Aku terlahir di dusun pegunungan yang jauh dari Kota. Hawa di sini begitu dingin, jika hari berganti malam rasa dingin itu seperti menusuk tulang kecilku. Aku memiliki seorang Adik laki–laki yang berumur lebih muda 3 tahun dariku. Sepeninggal orangtua kami, kami ikut dengan Paman dan Bibi yang bertahun–tahun tidak memiliki buah hati. Paman bekerja di kebun teh milik juragan Herman dan Bibi hanya pembantu rumahan. Gaji mereka tidak seberapa, yang terpenting kebutuhan keluarga dapat tercukupi. Aku terdidik oleh Paman dengan cara yang keras. Jika kami bermalas–malasan, Paman tak segan untuk memukuli kami. Walaupun begitu, aku tahu Paman menginginkan kami menjadi orang yang sukses kelak.

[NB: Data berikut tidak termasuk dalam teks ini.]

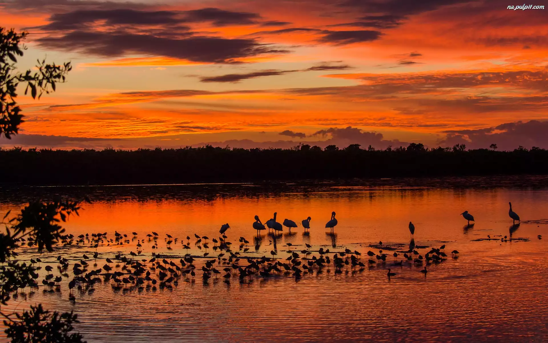 Ptaki, Chmury, Zachód Słońca Na Pulpit
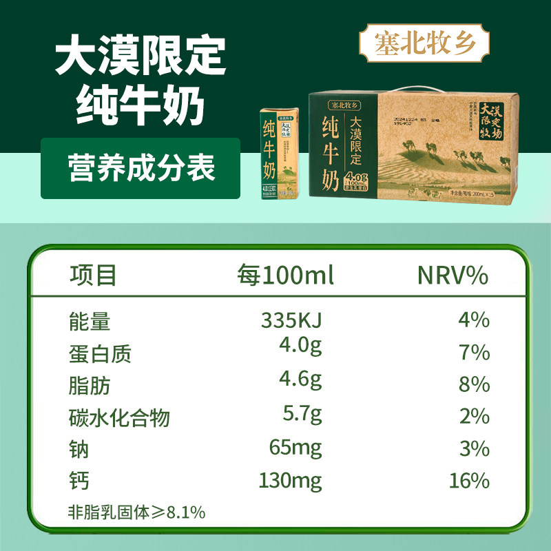宁夏塞北牧乡4.0蛋白纯牛奶大漠绿洲送礼200mlx10盒早餐营养学生
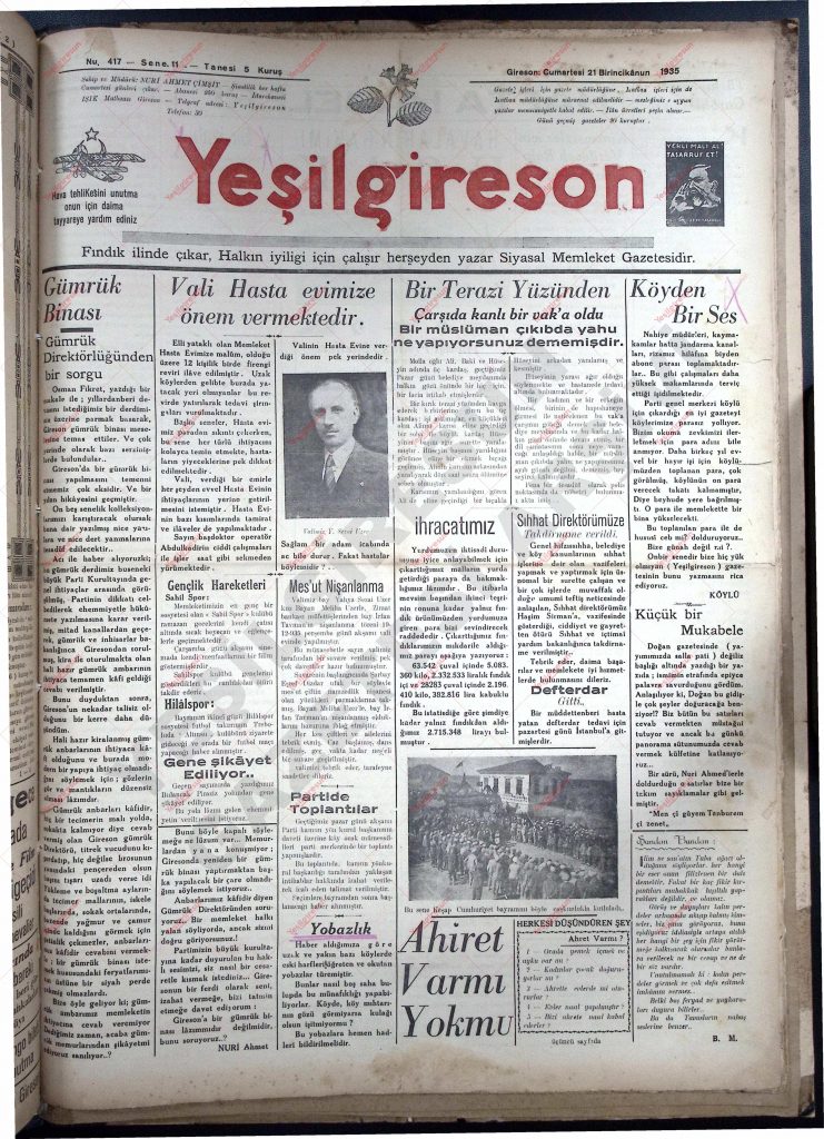 21 Aralık 1935 Tarihli Yeşilgiresun Gazetesi

Siang itu, cuaca tidak mendukung. Hujan deras disertai petir tak berhenti. Aku duduk terpaku di teras rumah. Beberapa anak kecil sebaya denganku memakai jaket melewati rumahku dengan payung di atasnya. Terbersit keinginan untuk memiliki jaket seperti yang dikenakan anak tersebut. Aku mencuri uang 75.000 rupiah milik Paman, dan berniat setelah hujan terang aku akan membelinya di pasar. “Itu apa kak?” Tanya Adikku setelah aku sampai di rumah menenteng tas plastik pembumgkus jaket yang ku beli. “Husst diam, ini namanya jaket. Lihat deh…” aku membuka tas plastik dan memakai jaket itu.

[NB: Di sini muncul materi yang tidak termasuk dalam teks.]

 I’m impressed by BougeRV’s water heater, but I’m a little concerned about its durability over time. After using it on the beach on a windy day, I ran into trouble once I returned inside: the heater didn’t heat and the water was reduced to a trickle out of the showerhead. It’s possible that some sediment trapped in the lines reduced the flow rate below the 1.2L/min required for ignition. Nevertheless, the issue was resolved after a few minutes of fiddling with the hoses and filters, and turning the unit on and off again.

“Dari mana Kakak dapat uang untuk membeli jaket sebagus itu?” Tanya Adikku penasaran. “Bagas, Kakak mencuri uang Paman.” Jawabku terus terang sambil memandangi cermin untuk berkaca. “Apa? Paman kan galak, nanti Kakak dimarahin.” Adikku terduduk lesu sambil memandangiku yang masih mengenakan jaket. “Tapikan Kakak pengen jaket ini, kalau kamu tidak bilang Paman semuanya akan baik–baik saja!” Jawabku setengah membentak. “Baiklah kak, aku akan tutup mulut.” Ujar Adikku sembari menuntup menutup mulutnya pakai tangan.

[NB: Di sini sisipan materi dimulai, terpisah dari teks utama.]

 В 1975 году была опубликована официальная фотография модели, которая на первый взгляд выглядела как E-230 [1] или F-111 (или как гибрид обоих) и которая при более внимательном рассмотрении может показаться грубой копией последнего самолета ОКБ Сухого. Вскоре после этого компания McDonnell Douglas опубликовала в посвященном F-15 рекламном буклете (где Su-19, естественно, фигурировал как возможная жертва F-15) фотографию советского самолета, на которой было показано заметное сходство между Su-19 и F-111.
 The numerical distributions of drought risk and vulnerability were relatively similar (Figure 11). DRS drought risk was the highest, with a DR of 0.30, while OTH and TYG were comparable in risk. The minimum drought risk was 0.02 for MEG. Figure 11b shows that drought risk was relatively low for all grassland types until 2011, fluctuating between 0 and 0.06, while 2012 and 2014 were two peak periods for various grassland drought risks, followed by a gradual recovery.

Hari berubah menjadi Pagi. Paman memanggil aku dan Adikku menghadapnya di ruang tengah. Paman menyuruh kami berlutut menghadap tembok, dengan membawa ikat pinggang di tangannya. “Siapa yang mencuri uangku? Dera! Bagas! Jawab pertanyaan Paman!” Bentak Pamanku, membuat aku dan Adikku menangis tersedu. Tidak ada jawaban di antara kami, aku terlalu takut untuk menjawab jujur. “Baiklah kalau kalian tidak mau mengakui, kalian layak dipukul..” Paman mengangkat ikat pinggang itu, namun dicegah Adikku.
“Jangan pukuli kak Dera Paman! Aku mencuri uang itu untuk membelikan kak Dera jaket..” Aku terbelalak memandangi Adikku. Aku menggelengkan kepala tak percaya dia melindungiku. “Kurang ajar! Apa kamu mau kita kelaparan demi sebuah jaket itu!” Ikat pinggang itu menghantam punggung kecilnya bertubi–tubi. Paman sangat marah hingga ia mencambuki Adikku hampir 10 menit lamanya.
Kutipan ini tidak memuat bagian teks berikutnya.